A V Pradeep, Kumar J S Arun, K N Naveen, Rao Sonali, Shetty Sharan
Assistant Professor, Department of Ophthalmology, Sri Dharmasthala Manjunatheshwara College of Medical Sciences & Hospital Sattur, Dharwad Karnataka, India .
Professor, Department of ENT, Sri Dharmasthala Manjunatheshwara College of Medical Sciences & Hospital Sattur, Dharwad Karnataka, India .
J Clin Diagn Res. 2014 Apr;8(4):VD06-VD07. doi: 10.7860/JCDR/2014/8067.4303. Epub 2014 Apr 15.
Vogt-Koyanagi-Harada syndrome (VKH) is a bilateral intraocular granulomatous panuveitis which is frequently associated with systemic manifestations such as meningismus, tinnitus, poliosis and vitiligo of autoimmune aetiology.
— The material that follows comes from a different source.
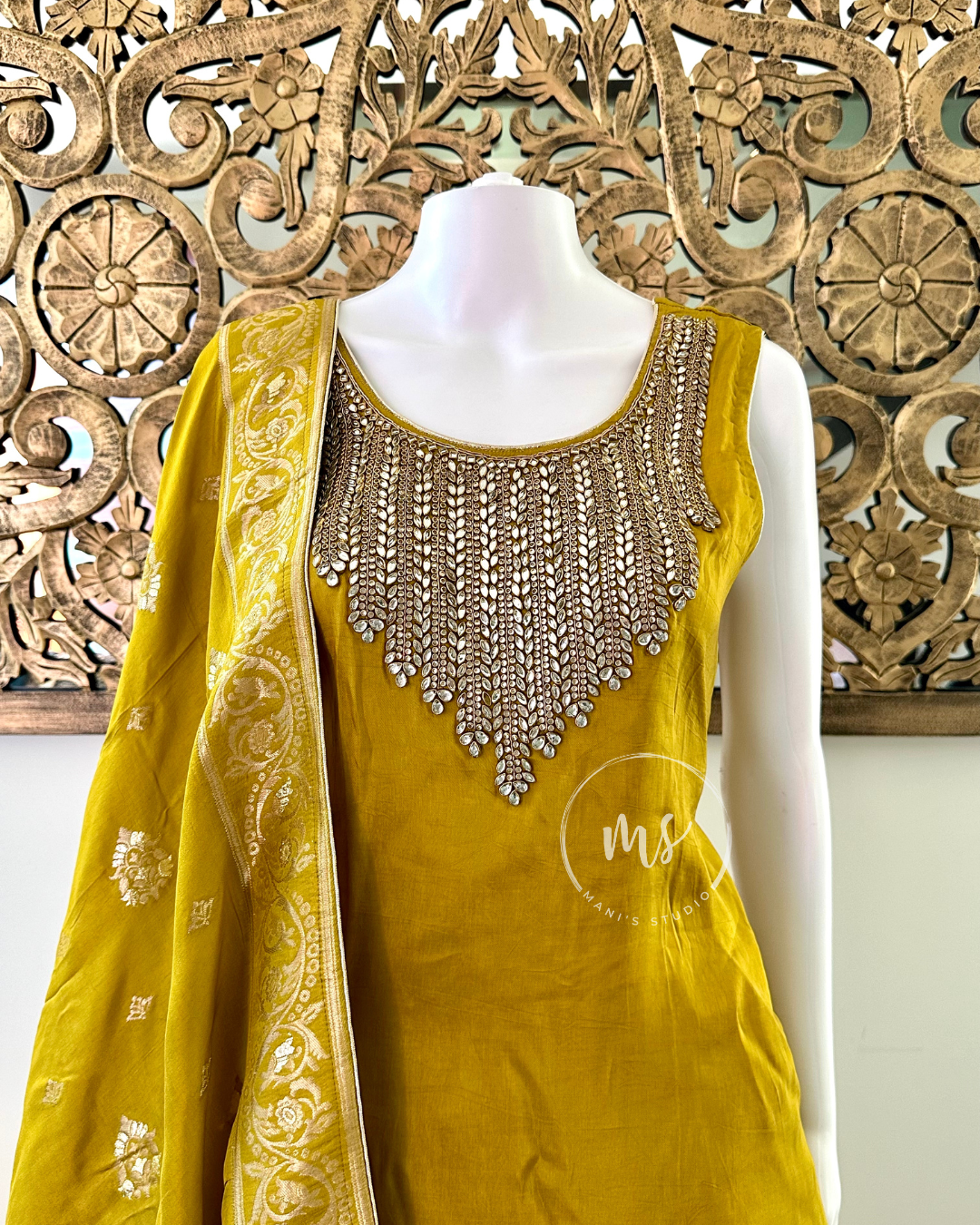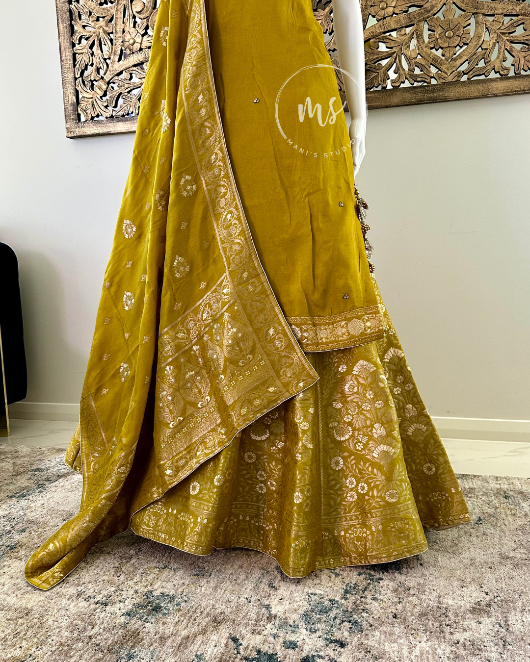Sarika is a celebration of regal tradition in a bold mustard hue. This lehenga set features intricate Kundan embellishment on the neckline, adding a statement shimmer to the rich Banarasi fabric. The flared lehenga showcases woven gold detailing, while the matching dupatta is finished with Banarasi borders and scattered motifs for a cohesive, luxurious finish. A perfect pick for weddings, sangeets, or festive occasions where heritage meets high style.

Headache by itself, does not fulfill the diagnostic criteria and is insufficient for the diagnosis. A 22-year-old male presented with a 10 day history of headache, followed by decreased vision in both eyes. Slit lamp biomicroscopy revealed sluggishly reactive pupils with anterior uveitis, mild vitritis and hyperaemic discs with bilateral exudative retinal detachments. All uveitis workups were negative. Follow up of three years revealed no neurological or auditory symptoms. Headache alone, followed by decreased vision, before the onset of neurological and auditory symptoms, can be an initial presentation of Vogt-Koyanagi-Harada (VKH) syndrome. VKH should be considered in the differential diagnosis of atypical presentations of headache.
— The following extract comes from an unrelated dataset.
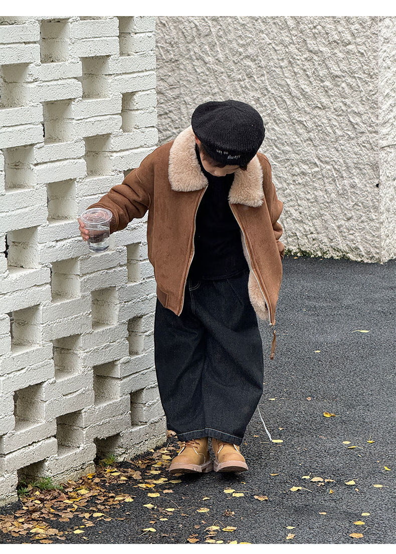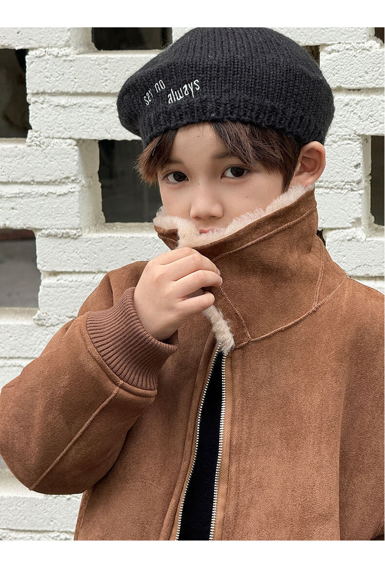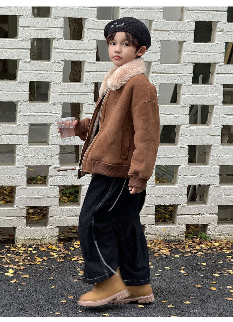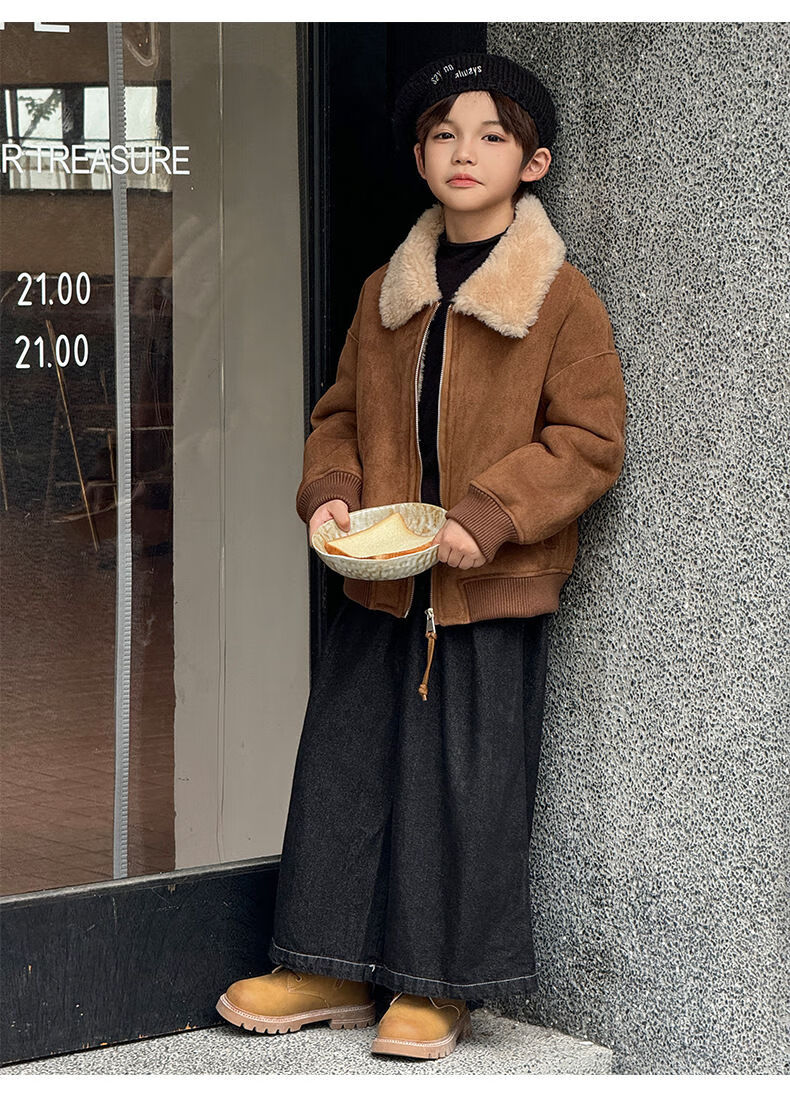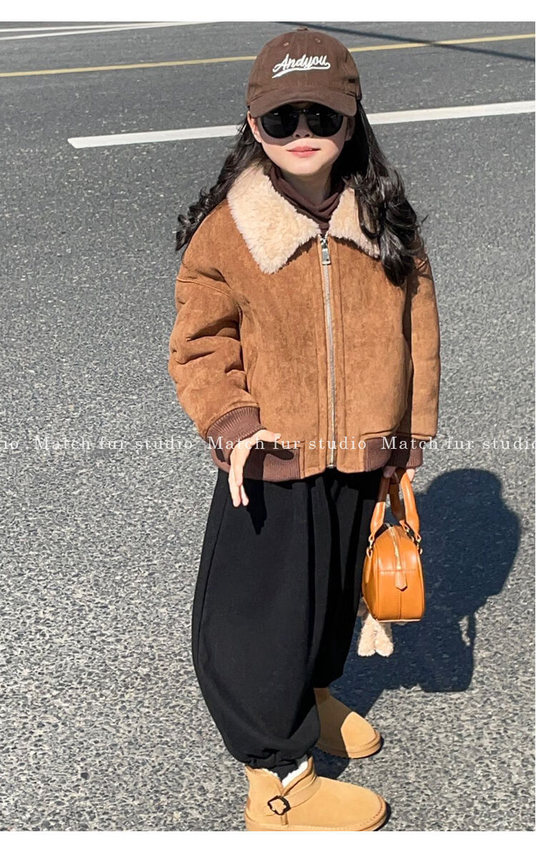 BALA is suitable for purchasing products. Winter boys' coat covered with fur all-in-one machine, medium and large children's brown fur + chocolate leather 110

伏格特-小柳-原田综合征(VKH)是一种双侧眼内肉芽肿性全葡萄膜炎,常伴有如颈项强直、耳鸣、白发和白癜风等自身免疫病因的全身表现。单纯头痛不符合诊断标准,不足以确诊。一名22岁男性,有10天头痛病史,随后双眼视力下降。裂隙灯生物显微镜检查显示瞳孔反应迟缓伴前葡萄膜炎、轻度玻璃体炎、视盘充血,双侧渗出性视网膜脱离。所有葡萄膜炎相关检查均为阴性。三年随访未发现神经或听觉症状。在神经和听觉症状出现之前,先有头痛,随后视力下降,单独出现这种情况可能是伏格特-小柳-原田(VKH)综合征的初始表现。在头痛非典型表现的鉴别诊断中应考虑VKH综合征。